● Exercise directions
Pull out of the data below the stretch of lines bounded by the one containing "Банка для печенья, для" and the one containing "This astronaut helmet", both bounds included, unchanged.

● Records for this task
====================
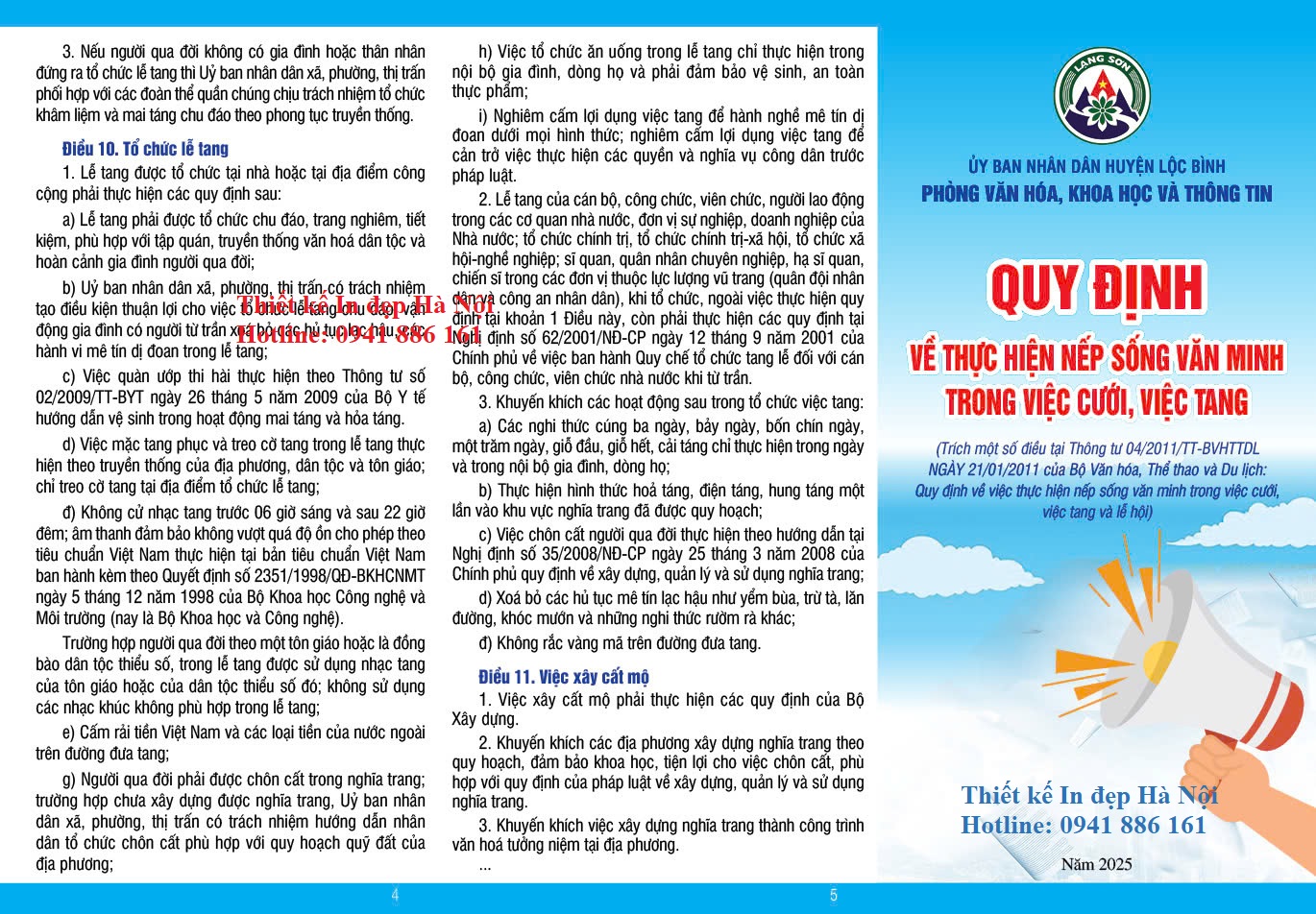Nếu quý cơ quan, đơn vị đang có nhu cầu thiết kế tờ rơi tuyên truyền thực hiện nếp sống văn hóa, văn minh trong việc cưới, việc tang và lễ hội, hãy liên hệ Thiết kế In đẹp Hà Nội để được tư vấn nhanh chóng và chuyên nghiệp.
====================
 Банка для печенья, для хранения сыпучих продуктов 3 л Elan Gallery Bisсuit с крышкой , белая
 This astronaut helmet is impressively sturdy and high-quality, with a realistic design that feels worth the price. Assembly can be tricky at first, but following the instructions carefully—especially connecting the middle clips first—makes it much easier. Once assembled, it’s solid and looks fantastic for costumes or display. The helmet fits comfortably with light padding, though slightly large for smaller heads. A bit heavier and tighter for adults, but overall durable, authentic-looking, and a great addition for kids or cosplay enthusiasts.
====================
● Final answer
 Банка для печенья, для хранения сыпучих продуктов 3 л Elan Gallery Bisсuit с крышкой , белая
 This astronaut helmet is impressively sturdy and high-quality, with a realistic design that feels worth the price. Assembly can be tricky at first, but following the instructions carefully—especially connecting the middle clips first—makes it much easier. Once assembled, it’s solid and looks fantastic for costumes or display. The helmet fits comfortably with light padding, though slightly large for smaller heads. A bit heavier and tighter for adults, but overall durable, authentic-looking, and a great addition for kids or cosplay enthusiasts.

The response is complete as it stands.